[[ SUPPLIED DATA open ]]

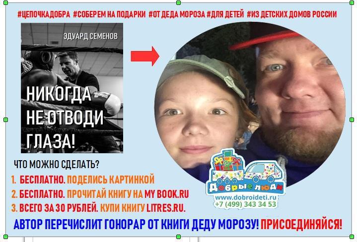 Ну, что ж друзья! Сегодня хочу напомнить Вам, что весь гонорар от моей книги "Никогда не отводи глаза" перечисляется в благотворительный фонд "Добрые люди", который сегодня обеспечивает бесплатными продуктовыми наборами более 2000 одиноких стариков.
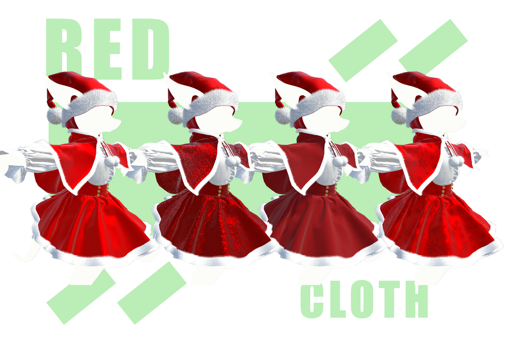 - Has 4 red and 4 green variations for each clothpiece to mix and match textures to your hearts content.
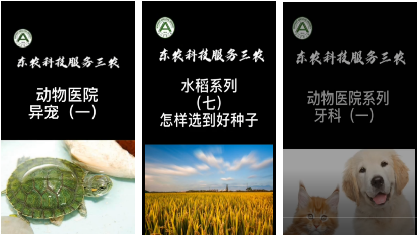 经过近两年的技术知识凝练和成果信息采集、田间地头生产现场的跟踪拍摄、剪辑配音特效动画的后期制作,截止目前,我校已累计拍摄完成水稻、大豆、玉米、马铃薯等大田作物、黄瓜、西甜瓜、番茄、辣椒、老山芹、蓝靛果等果蔬、生猪养殖、奶牛养殖、马铃薯播种、秸秆深埋、免耕等农业机械以及乳品加工、蜂蜜加工、宠物常见疾病等18个大类的农业科技成果专题短视频82个。
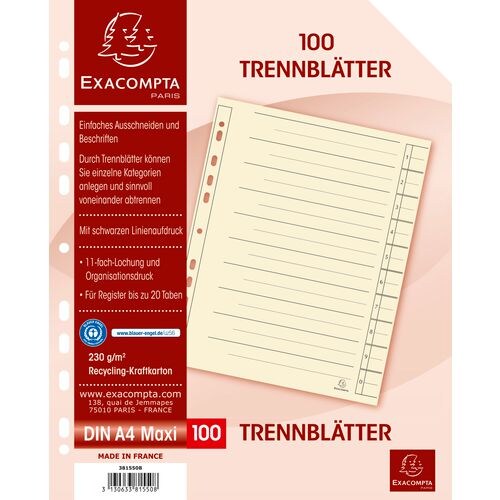 Exacompta 1 bis 10 Trennblätter 95% Recycelt DIN A4 Chamois 10-teilig Pappkarton 11 Löcher 381550B 100 Stück
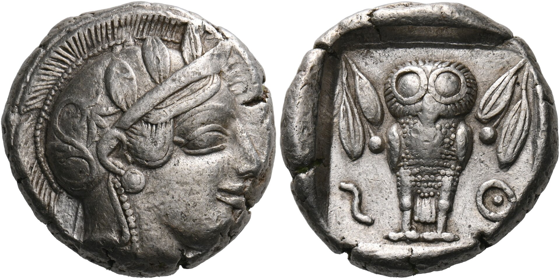 The style does not look Athenian too much, thus an imitation. There is a circular incuse countermark on Athena's cheek, they probably understood this circle as the Phoenician letter 'ayin, which is the initial of 'Aza (Gaza) in Phoenician. But this attribution remains hypothetical. After all, it's just a circular incuse countermark !
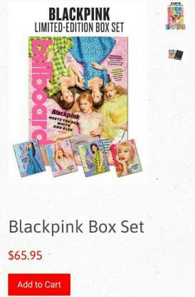 โดยเมื่อวันที่ 28 ก.พ. ที่ผ่านมา "Billboard" ได้ปล่อยชุด "limited edition box set" ออกมาทั้งหมด 5 หน้าปกและโปสเตอร์ขนาดเต็มของ "แบล็กพิงก์" 5 ภาพ ทั้งนี้ "Billboard" ยังได้ปล่อยภาพสวยๆ จากการถ่ายปกซึ่งจัดขึ้นที่ "Smashbox Studios" ในลอสแองเจลิส เมื่อวันที่ 8 ก.พ. ที่ผ่านมาอีกด้วยซึ่งคาดว่าการเปิดจำหน่ายน่าจะ sold out อย่างรวดเร็ว
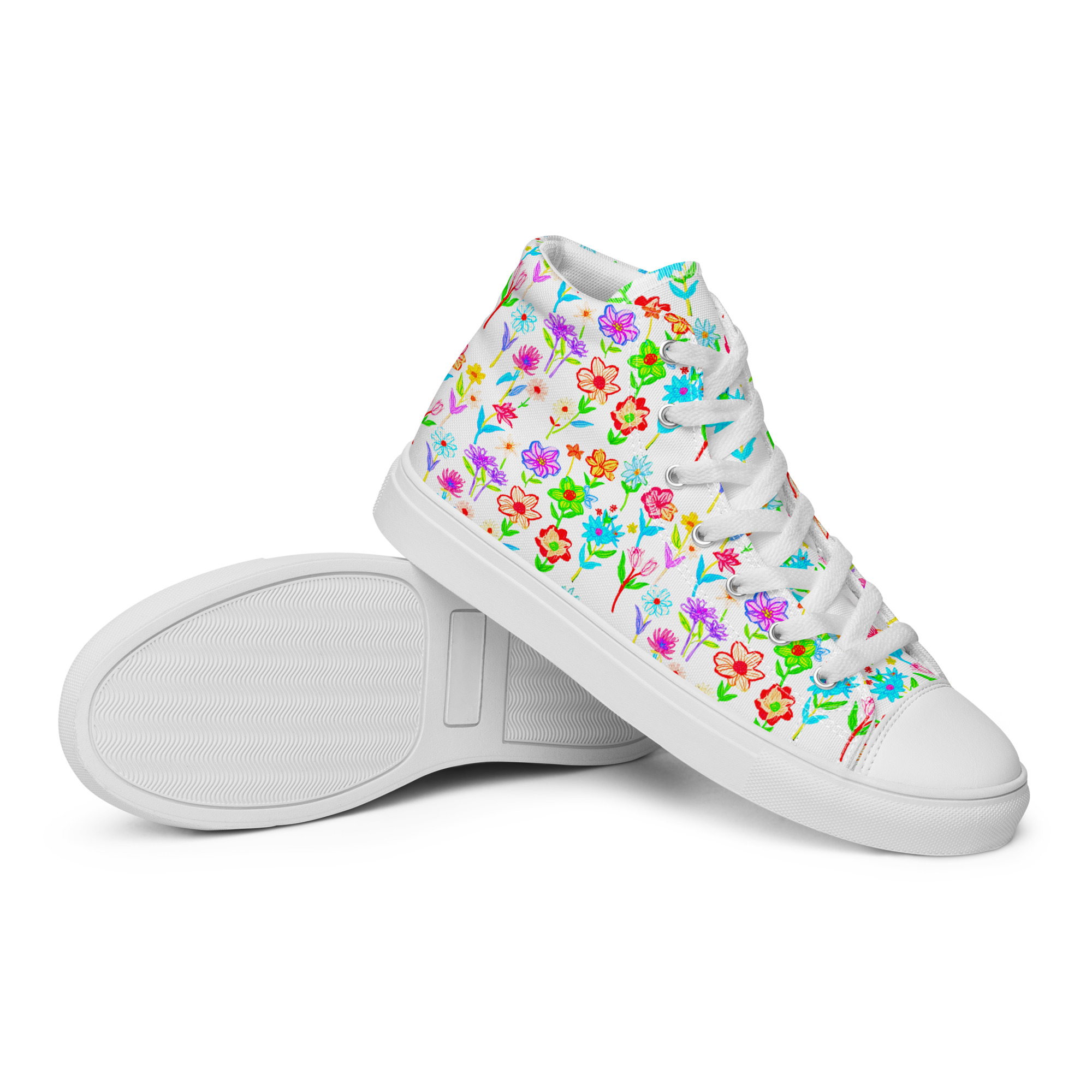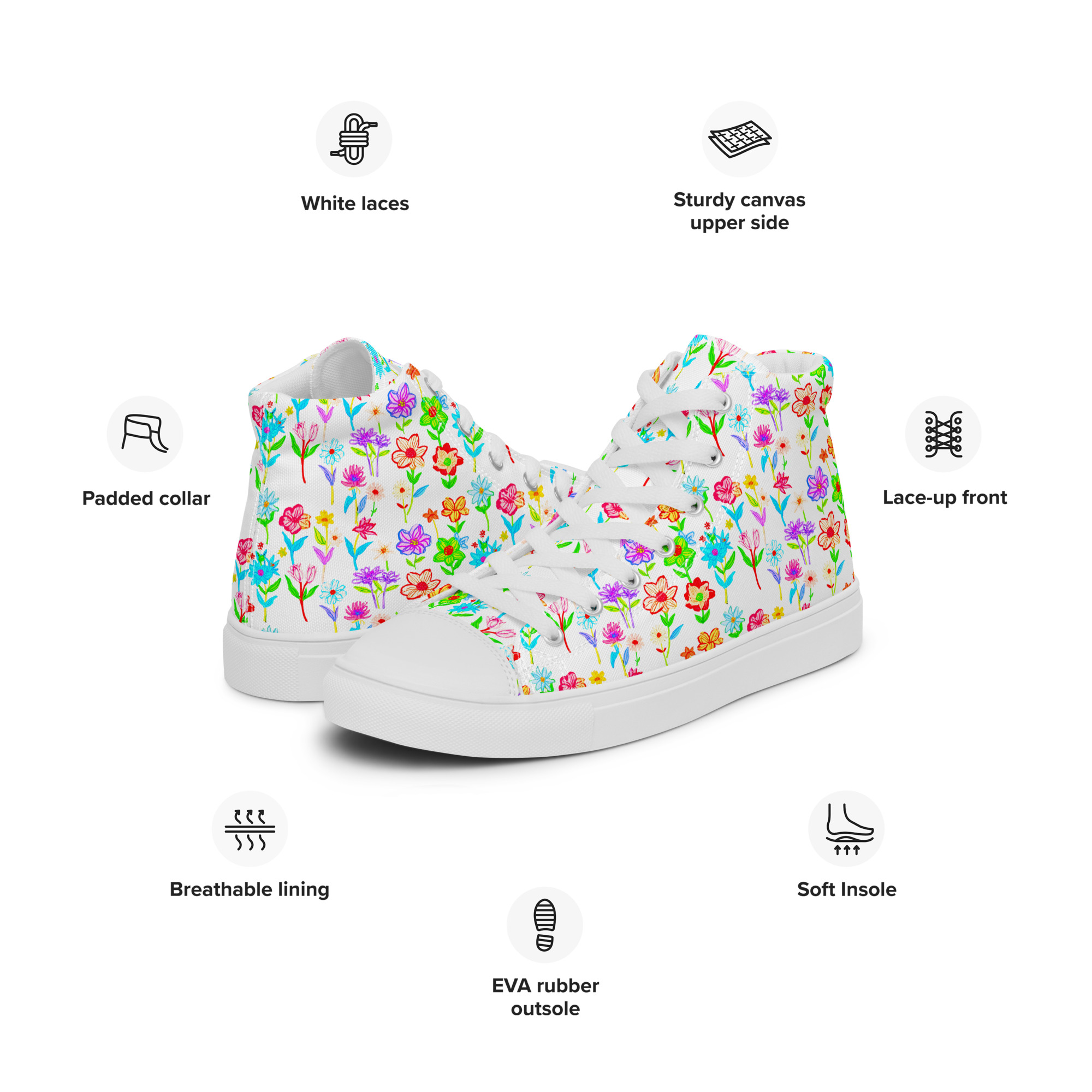 Remember to take good care of your feet! These shoes are made to fit comfortably across all sizes, with a strong build and a soft insole that supports every step, reducing fatigue. The classic and stylish Brilliant Flowers High Top Canvas Shoes are a fantastic choice for your wardrobe.

[[ SUPPLIED DATA closed ]]

## TASK TO COMPLETE:
Without the pictures, print the records in full, exactly as they appear.

## TASK RESULT:
 Ну, что ж друзья! Сегодня хочу напомнить Вам, что весь гонорар от моей книги "Никогда не отводи глаза" перечисляется в благотворительный фонд "Добрые люди", который сегодня обеспечивает бесплатными продуктовыми наборами более 2000 одиноких стариков.
 - Has 4 red and 4 green variations for each clothpiece to mix and match textures to your hearts content.
 经过近两年的技术知识凝练和成果信息采集、田间地头生产现场的跟踪拍摄、剪辑配音特效动画的后期制作,截止目前,我校已累计拍摄完成水稻、大豆、玉米、马铃薯等大田作物、黄瓜、西甜瓜、番茄、辣椒、老山芹、蓝靛果等果蔬、生猪养殖、奶牛养殖、马铃薯播种、秸秆深埋、免耕等农业机械以及乳品加工、蜂蜜加工、宠物常见疾病等18个大类的农业科技成果专题短视频82个。
 Exacompta 1 bis 10 Trennblätter 95% Recycelt DIN A4 Chamois 10-teilig Pappkarton 11 Löcher 381550B 100 Stück
 The style does not look Athenian too much, thus an imitation. There is a circular incuse countermark on Athena's cheek, they probably understood this circle as the Phoenician letter 'ayin, which is the initial of 'Aza (Gaza) in Phoenician. But this attribution remains hypothetical. After all, it's just a circular incuse countermark !
 โดยเมื่อวันที่ 28 ก.พ. ที่ผ่านมา "Billboard" ได้ปล่อยชุด "limited edition box set" ออกมาทั้งหมด 5 หน้าปกและโปสเตอร์ขนาดเต็มของ "แบล็กพิงก์" 5 ภาพ ทั้งนี้ "Billboard" ยังได้ปล่อยภาพสวยๆ จากการถ่ายปกซึ่งจัดขึ้นที่ "Smashbox Studios" ในลอสแองเจลิส เมื่อวันที่ 8 ก.พ. ที่ผ่านมาอีกด้วยซึ่งคาดว่าการเปิดจำหน่ายน่าจะ sold out อย่างรวดเร็ว
 Remember to take good care of your feet! These shoes are made to fit comfortably across all sizes, with a strong build and a soft insole that supports every step, reducing fatigue. The classic and stylish Brilliant Flowers High Top Canvas Shoes are a fantastic choice for your wardrobe.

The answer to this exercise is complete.